Altholz in Deutschland–Mengen, Kosten, Wirtschaftlichkeit und Perspektiven

Das BMWi-geförderte Projekt Altholz – Quo Vadis? beschäftigt sich mit Optionen zum wirtschaftlichen Weiterbetrieb der Altholz(heiz)kraftwerke, sobald die Anlagen nicht mehr von der EEG-Vergütung profitieren und damit eine wichtige Säule der Wirtschaftlichkeit wegfällt. Innerhalb des Projektes werden relevante Einflussgrößen, wie Einschätzungen des Altholzmarktes, Übersicht zum Kraftwerkspark, wirtschaftliche Kenngrößen zum Kraftwerksbetrieb und zum Energiemarkt, behandelt, analysiert und ausgewertet. In einem zweiten Schritt werden die gewonnenen Erkenntnisse verschnitten mit den Marktoptionen. Daraus resultieren Handlungsoptionen für Politik und Kraftwerksbetreiber, die es abschließend zu bewerten gilt. Das Resultat mit entsprechenden Empfehlungen wird Mitte 2019 erwartet und veröffentlicht.

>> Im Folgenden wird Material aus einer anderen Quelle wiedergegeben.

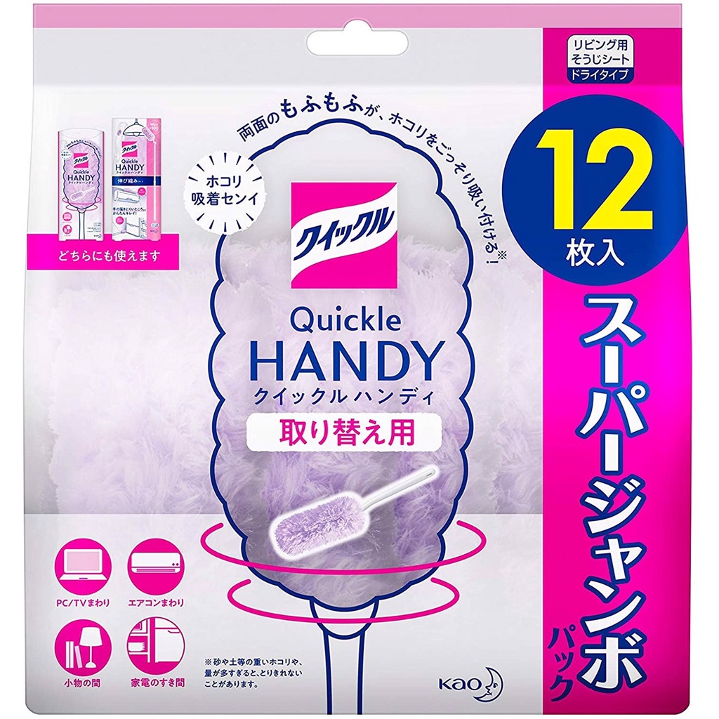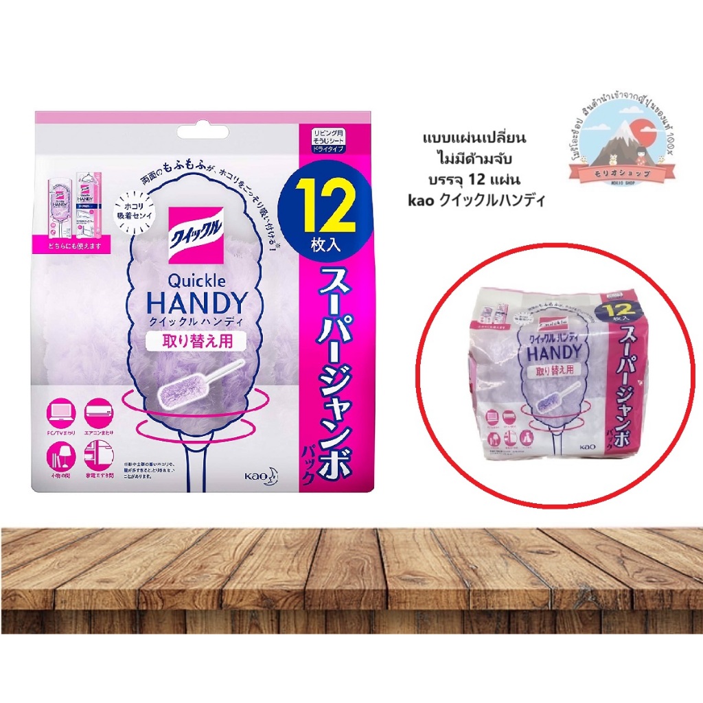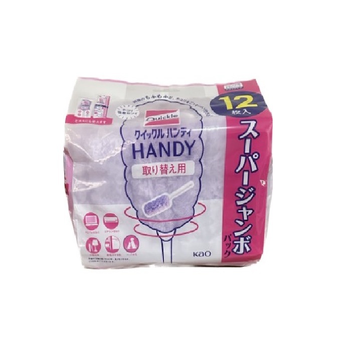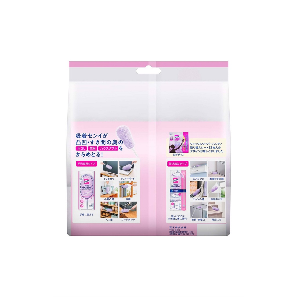 KAO Quickle handy ชนิดแผ่นเปลี่ยน (ไม่มีด้ามจับ) สำหรับ ปัดฝุ่นในบ้าน ( 1 ห่อ มี 12 แผ่น ) クイックルハンディ

Die Bundesregierung hat mit der Verabschiedung der „Nationalen Politikstrategie Bioökonomie“ im Juli 2013 einen Weg hin zu einer modernen, nachhaltigen und biobasierten Wirtschaft beschritten. Die Nutzung von Biomasse soll dabei aus Effizienzgründen möglichst in einer Kaskadennutzung stattfinden2. Die energetische Nutzung erfolgt dabei erst, nachdem qualitative Aspekte bzw. Schadstoffanreicherungen eine stoffliche Nutzung nicht mehr möglich machen. Energetische Nutzungstechniken sind daher ein elementarer Bestandteil von Kaskadenprozessen und müssen somit in einer effizienten Form vorgehalten werden. Im Altholzbereich findet die energetische Nutzung in (Heiz-)Kraftwerken statt, deren Ausbau seit dem Jahr 2000 über EEG Anreize gefördert wurde. Ziel des Gesetzes war den Anteil der erneuerbaren Energien (EE) an der Stromerzeugung deutlich zu erhöhen (§ 1 EEG 2000). Die Nutzung der Biomasse – inklusive Altholz – stellte diesbezüglich ein bis dahin unzureichend erschlossenes Potenzial für eine klimaschonende Energieversorgung dar (Deutscher Bundestag 13.12.99, S. 9). Für die Einspeisung erneuerbaren Stroms wurden eine entsprechende Vergütung und das Recht zur vorrangigen Einspeisung festgelegt. Mit dieser Einspeisevergütung von aktuell durchschnittlich 92,84 €/MWhel (Quelle: BAV e. V. Marktintegrationsmodell für Altholzkraftwerke vom 12.11.2018, S. 1) sollte der rationelle Betrieb von optimierten Anlagen zur Erzeugung von erneuerbarem Strom wirtschaftlich ermöglicht werden, ohne die üblichen unternehmerischen Risiken der Anlagenbetreiber im Strommarkt zu übernehmen (Deutscher Bundestag 13.12.99, S. 7).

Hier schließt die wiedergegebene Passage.